▶ [Stored dataset items]:
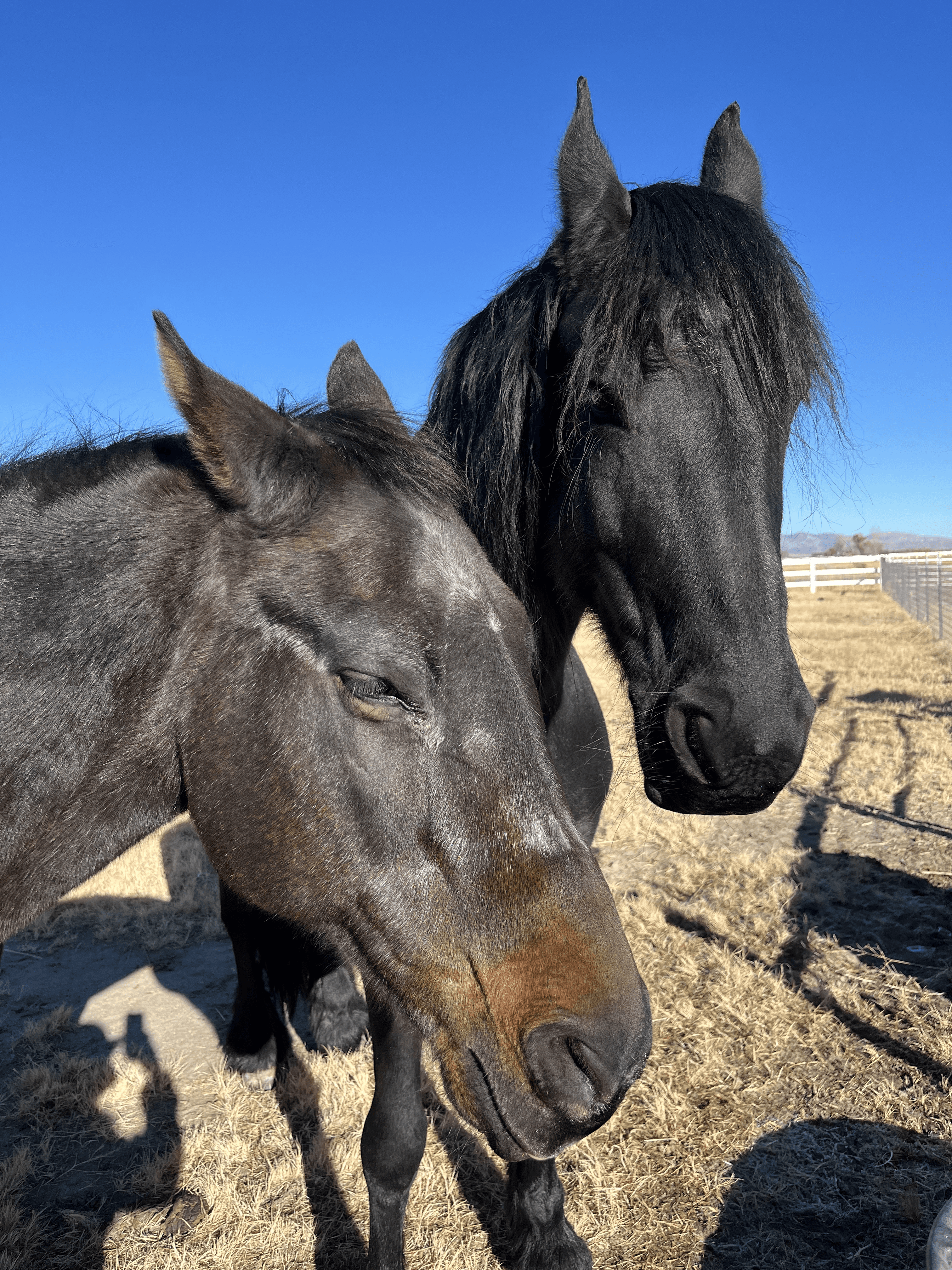 These boys are friendly indeed, although they mostly prefer to keep to themselves. They get along swimmingly with all other ranch animals, and they won’t be shy to approach you if you’re carrying any amount of hay. Frank is slightly more reserved while Jesse leaves it all out there for everyone to see.
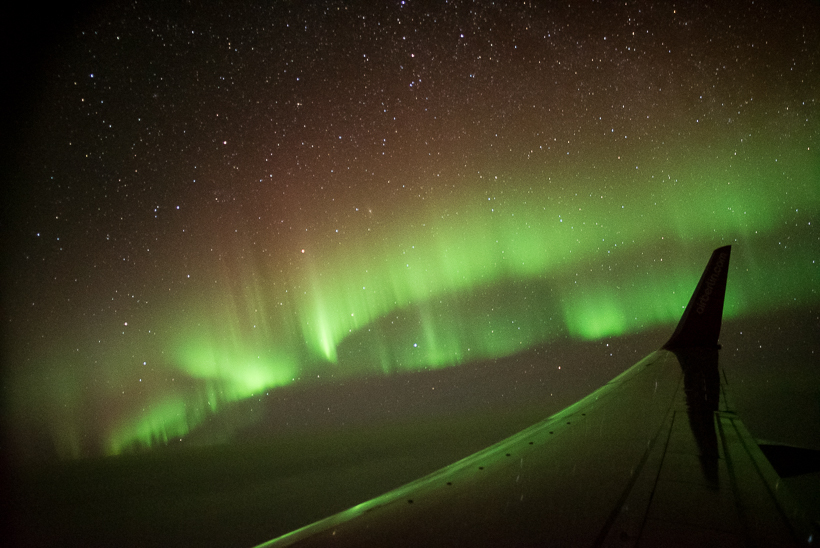 http://flux.phys.uit.no/cgi-bin/mkstack ... nor=&Sync=& . Der erste begann, als wir gerade die Shetlands erreicht haben. Darauf hin habe ich den Piloten gebeten, früher als geplant eine Schleife zu fliegen, damit jeder erst einmal PL zu sehen bekommt. Als der Substorm abflaute sind wir weiter Richtung Island geflogen. Aktivität war die ganze Zeit über sichtbar. In der Nähe von Island haben wir dann wie vorher geplant unsere Schleifen geflogen und schließlich den zweiten Substorm mitgenommen. Den Rückflug haben wir dann etwas weiter nördlich und mit östlicherem Kurs geflogen, sodass wir bis kurz vor Bergen auf der linken Seite noch PL sehen konnten. Insgesamt hatten wir so 3 Stunden PL-Beobachtung, 1 Stunde länger als im formalen Plan vorgesehen. Es war aber von vorneherein klar, dass wir flexibel reagieren würden. Sowohl die Crew als auch die Luftkontrolle in Reykjavík haben toll mitgezogen.
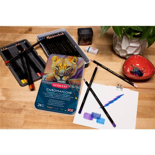 Derwent Chromaflow Coloured Pencils Assorted Tin Pack Of 24
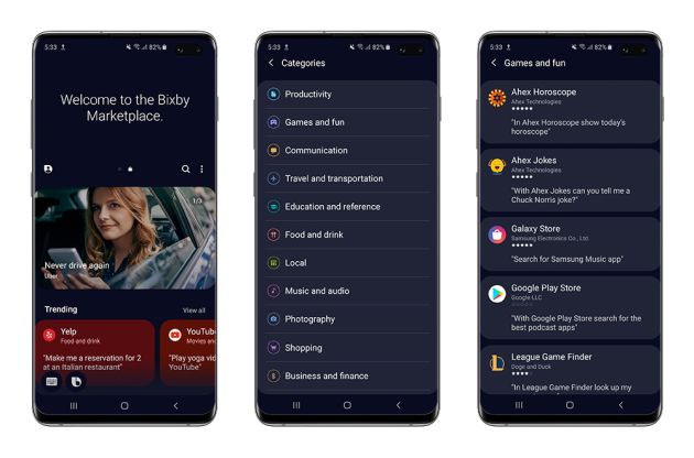 A partire dalla versione 2.0 di Bixby, Samsung consente agli sviluppatori di terze parti di creare le capsule (equivalenti alle skill di Alexa), utilizzando il Bixby Developer Studio disponibile sul sito dedicato. Gli utenti possono scaricare le capsule dallo store e personalizzare l’assistente in base alle loro necessità. Per accedere al Bixby Marketplace è sufficiente avviare Bixby ed effettuare uno swipe verso destra dalla schermata principale.
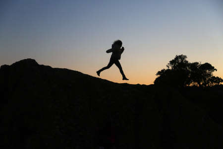 silhouette of a man in a hat while running and jumping on an orange background. running from the problems of people from the city to nature outdoors
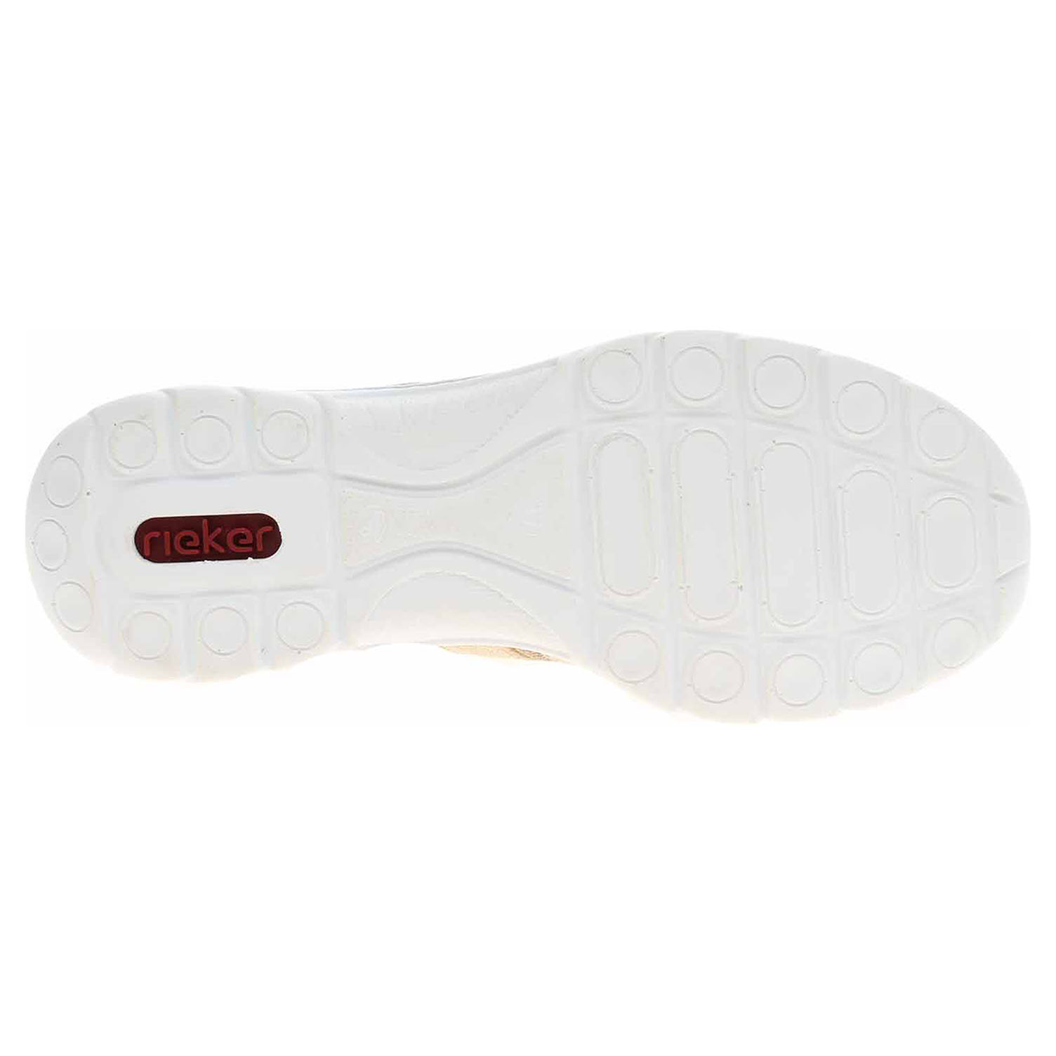 Boty Rieker - flexiblové dámské baleriny se svrškem kombinovaným textil/syntetika a s textilní podšívkou jsou vybavené paměťovou stélkou MemoSoft, která maximálně změkčuje došlap a zvyšuje pohodlí v obuvi. Pohodlné nazouvání a stabilitu nohy v obuvi zajišťují dva elastické pásky přes nárt. Klínek je vysoký 3,7 cm. Podešev je flexibilní a díky systému Antistress (lehkost, pružnost, prostornost a vynikající absorpce nárazů) Vám obuv zajistí pohodlí při každém kroku. Flexiblová obuv - prošívaná podešev, obuv používejte v suchém prostředí. Při zvýšené vlhkosti může dojít k promáčení obuvi. Obuv pravidelně impregnujte nebo krémujte, zvláště pak prošívaný okraj.
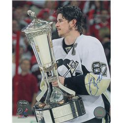Color glossy 8 x 10 photo of Crosby holding the Prince of Wales Trophy, signed in blue felt tip. In fine condition, with a PSA/DNA authentication labe
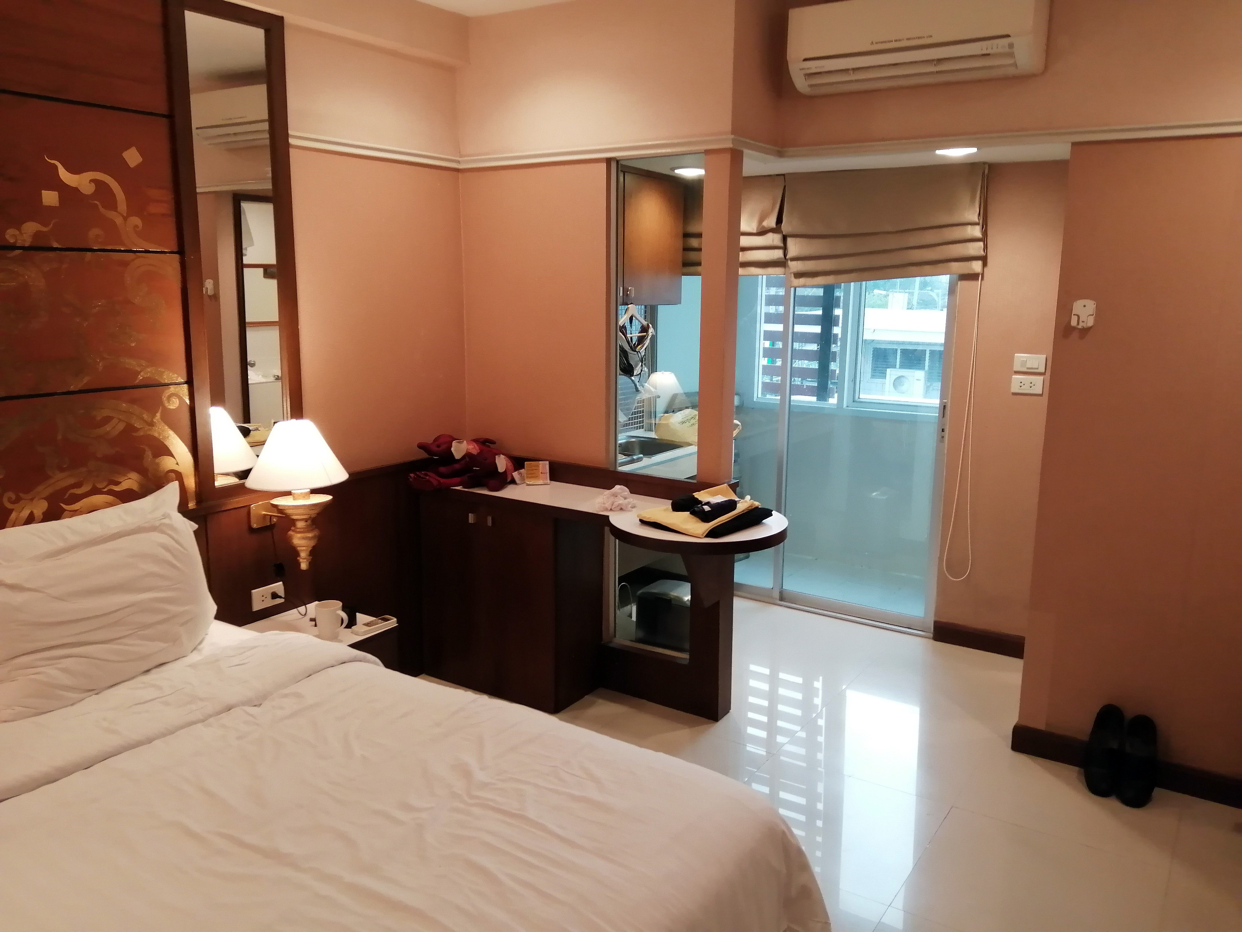 The room (I was in 308) was spacious, clean and comfortable.  It offered a good double bed, a small kitchen (refrigerator, microwave, kettle, sink), a compact bathroom with a good shower and a naked lady, and a small balcony overlooking the rather scenic rubble of the next-door building site.  Thai artworks featured on walls, and the work desk and room lighting were good.  Really – apart from the US$5.00 taxi fare from the airport and the lack of a swimming pool – the hotel represented superb value and convenience.

▶ [Task instructions]:
Repeat the data verbatim, excluding all pictures.

▶ [Result for this task]:
 These boys are friendly indeed, although they mostly prefer to keep to themselves. They get along swimmingly with all other ranch animals, and they won’t be shy to approach you if you’re carrying any amount of hay. Frank is slightly more reserved while Jesse leaves it all out there for everyone to see.
 http://flux.phys.uit.no/cgi-bin/mkstack ... nor=&Sync=& . Der erste begann, als wir gerade die Shetlands erreicht haben. Darauf hin habe ich den Piloten gebeten, früher als geplant eine Schleife zu fliegen, damit jeder erst einmal PL zu sehen bekommt. Als der Substorm abflaute sind wir weiter Richtung Island geflogen. Aktivität war die ganze Zeit über sichtbar. In der Nähe von Island haben wir dann wie vorher geplant unsere Schleifen geflogen und schließlich den zweiten Substorm mitgenommen. Den Rückflug haben wir dann etwas weiter nördlich und mit östlicherem Kurs geflogen, sodass wir bis kurz vor Bergen auf der linken Seite noch PL sehen konnten. Insgesamt hatten wir so 3 Stunden PL-Beobachtung, 1 Stunde länger als im formalen Plan vorgesehen. Es war aber von vorneherein klar, dass wir flexibel reagieren würden. Sowohl die Crew als auch die Luftkontrolle in Reykjavík haben toll mitgezogen.
 Derwent Chromaflow Coloured Pencils Assorted Tin Pack Of 24
 A partire dalla versione 2.0 di Bixby, Samsung consente agli sviluppatori di terze parti di creare le capsule (equivalenti alle skill di Alexa), utilizzando il Bixby Developer Studio disponibile sul sito dedicato. Gli utenti possono scaricare le capsule dallo store e personalizzare l’assistente in base alle loro necessità. Per accedere al Bixby Marketplace è sufficiente avviare Bixby ed effettuare uno swipe verso destra dalla schermata principale.
 silhouette of a man in a hat while running and jumping on an orange background. running from the problems of people from the city to nature outdoors
 Boty Rieker - flexiblové dámské baleriny se svrškem kombinovaným textil/syntetika a s textilní podšívkou jsou vybavené paměťovou stélkou MemoSoft, která maximálně změkčuje došlap a zvyšuje pohodlí v obuvi. Pohodlné nazouvání a stabilitu nohy v obuvi zajišťují dva elastické pásky přes nárt. Klínek je vysoký 3,7 cm. Podešev je flexibilní a díky systému Antistress (lehkost, pružnost, prostornost a vynikající absorpce nárazů) Vám obuv zajistí pohodlí při každém kroku. Flexiblová obuv - prošívaná podešev, obuv používejte v suchém prostředí. Při zvýšené vlhkosti může dojít k promáčení obuvi. Obuv pravidelně impregnujte nebo krémujte, zvláště pak prošívaný okraj.
Color glossy 8 x 10 photo of Crosby holding the Prince of Wales Trophy, signed in blue felt tip. In fine condition, with a PSA/DNA authentication labe
 The room (I was in 308) was spacious, clean and comfortable.  It offered a good double bed, a small kitchen (refrigerator, microwave, kettle, sink), a compact bathroom with a good shower and a naked lady, and a small balcony overlooking the rather scenic rubble of the next-door building site.  Thai artworks featured on walls, and the work desk and room lighting were good.  Really – apart from the US$5.00 taxi fare from the airport and the lack of a swimming pool – the hotel represented superb value and convenience.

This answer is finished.